--- What the task asks ---
Using the listing below, copy exactly each line from the one that has "今日の英語学習の様子です。子" through the one that has "モンステラはどんどん大きくな"; omit the pictures.

** Source material follows **

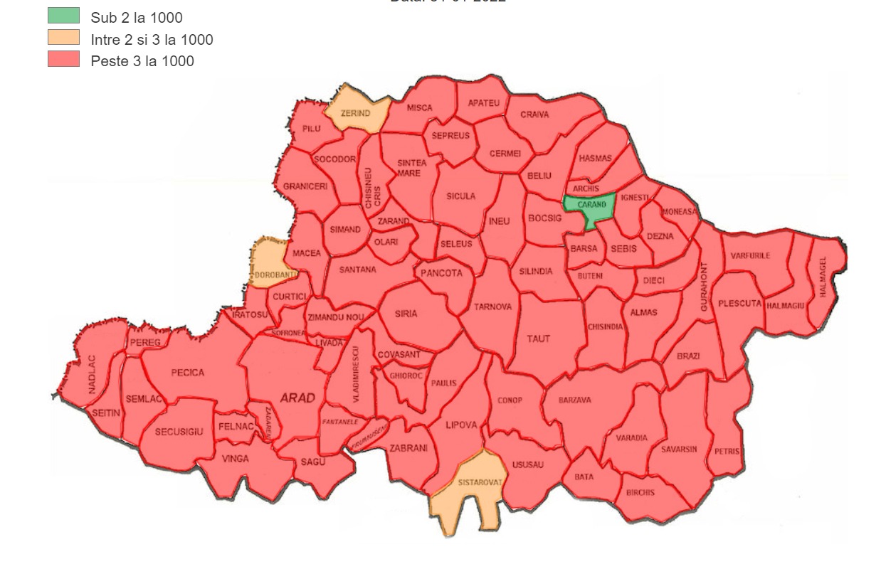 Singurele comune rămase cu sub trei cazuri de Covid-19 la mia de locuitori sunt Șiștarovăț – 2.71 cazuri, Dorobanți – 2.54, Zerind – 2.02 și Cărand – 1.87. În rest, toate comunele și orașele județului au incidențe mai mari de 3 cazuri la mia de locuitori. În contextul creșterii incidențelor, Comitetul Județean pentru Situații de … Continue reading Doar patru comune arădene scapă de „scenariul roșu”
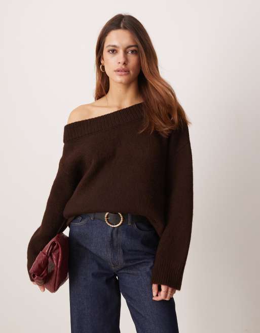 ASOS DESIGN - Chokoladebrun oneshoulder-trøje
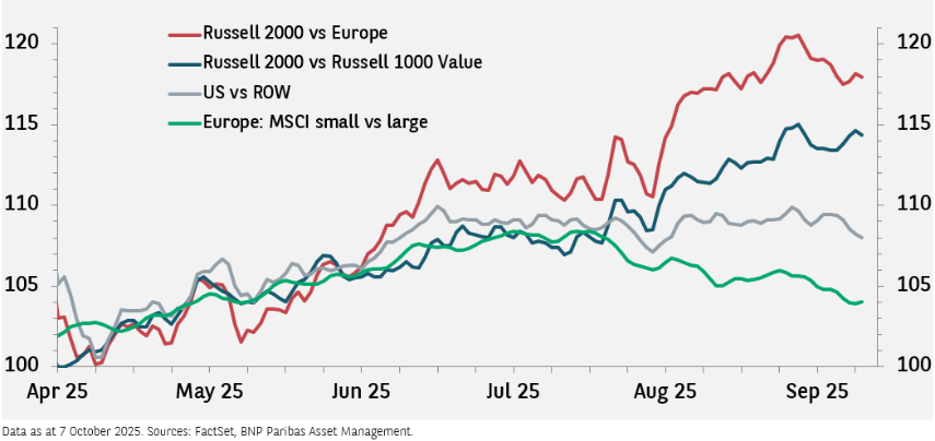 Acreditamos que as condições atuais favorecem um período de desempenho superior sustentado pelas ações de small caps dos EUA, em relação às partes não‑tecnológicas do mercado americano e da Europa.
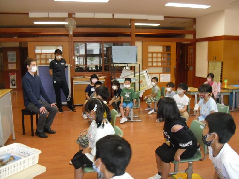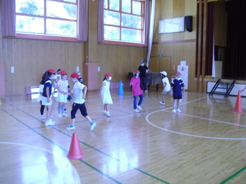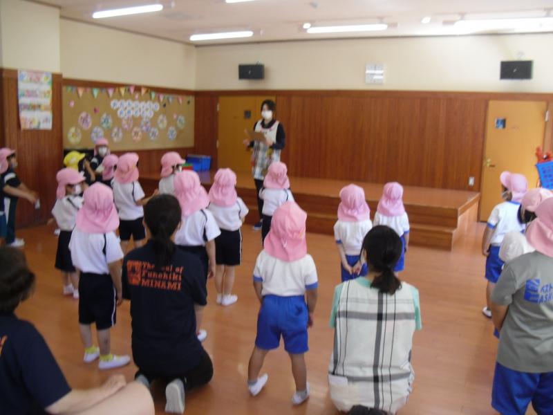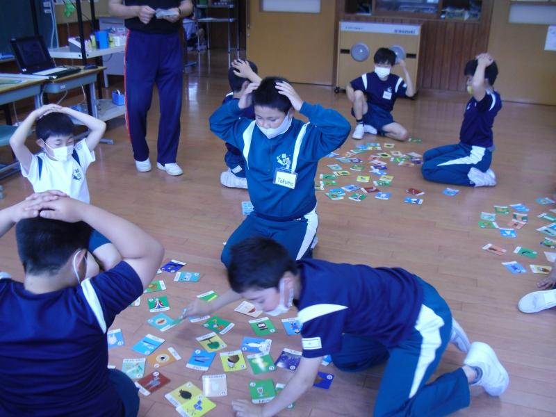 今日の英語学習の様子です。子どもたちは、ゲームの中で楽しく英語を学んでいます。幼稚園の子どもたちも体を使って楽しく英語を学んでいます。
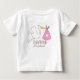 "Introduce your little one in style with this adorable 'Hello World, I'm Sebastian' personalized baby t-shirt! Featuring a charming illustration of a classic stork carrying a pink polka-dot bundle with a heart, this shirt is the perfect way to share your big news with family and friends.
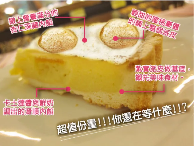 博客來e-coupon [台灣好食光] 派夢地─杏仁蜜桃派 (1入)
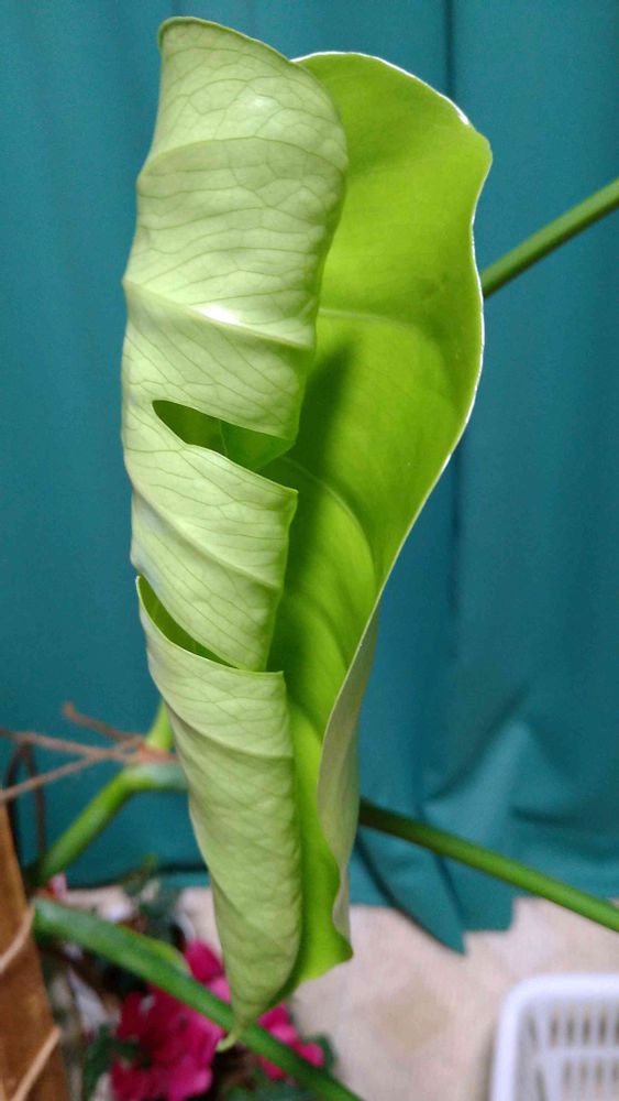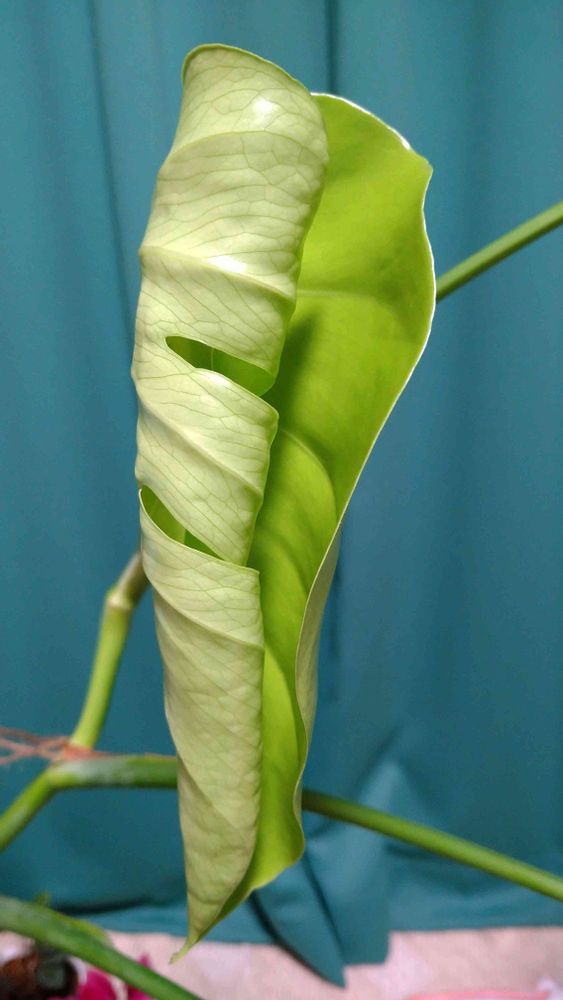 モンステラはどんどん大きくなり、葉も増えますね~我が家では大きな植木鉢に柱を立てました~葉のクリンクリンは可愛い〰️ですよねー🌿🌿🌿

** End of Source material **
** Source material follows **

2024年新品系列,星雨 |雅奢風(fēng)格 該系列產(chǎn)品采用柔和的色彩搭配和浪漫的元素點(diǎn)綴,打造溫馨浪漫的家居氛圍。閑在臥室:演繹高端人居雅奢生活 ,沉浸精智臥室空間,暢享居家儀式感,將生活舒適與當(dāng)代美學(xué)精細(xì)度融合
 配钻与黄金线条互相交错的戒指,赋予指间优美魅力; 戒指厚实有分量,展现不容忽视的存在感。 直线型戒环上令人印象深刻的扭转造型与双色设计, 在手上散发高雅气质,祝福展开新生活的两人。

** End of Source material **
** Source material follows **

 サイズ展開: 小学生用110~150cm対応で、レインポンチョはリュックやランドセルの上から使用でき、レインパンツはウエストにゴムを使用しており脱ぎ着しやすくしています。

** End of Source material **

--- Solution to the problem ---
 今日の英語学習の様子です。子どもたちは、ゲームの中で楽しく英語を学んでいます。幼稚園の子どもたちも体を使って楽しく英語を学んでいます。
 "Introduce your little one in style with this adorable 'Hello World, I'm Sebastian' personalized baby t-shirt! Featuring a charming illustration of a classic stork carrying a pink polka-dot bundle with a heart, this shirt is the perfect way to share your big news with family and friends.
 博客來e-coupon [台灣好食光] 派夢地─杏仁蜜桃派 (1入)
 モンステラはどんどん大きくなり、葉も増えますね~我が家では大きな植木鉢に柱を立てました~葉のクリンクリンは可愛い〰️ですよねー🌿🌿🌿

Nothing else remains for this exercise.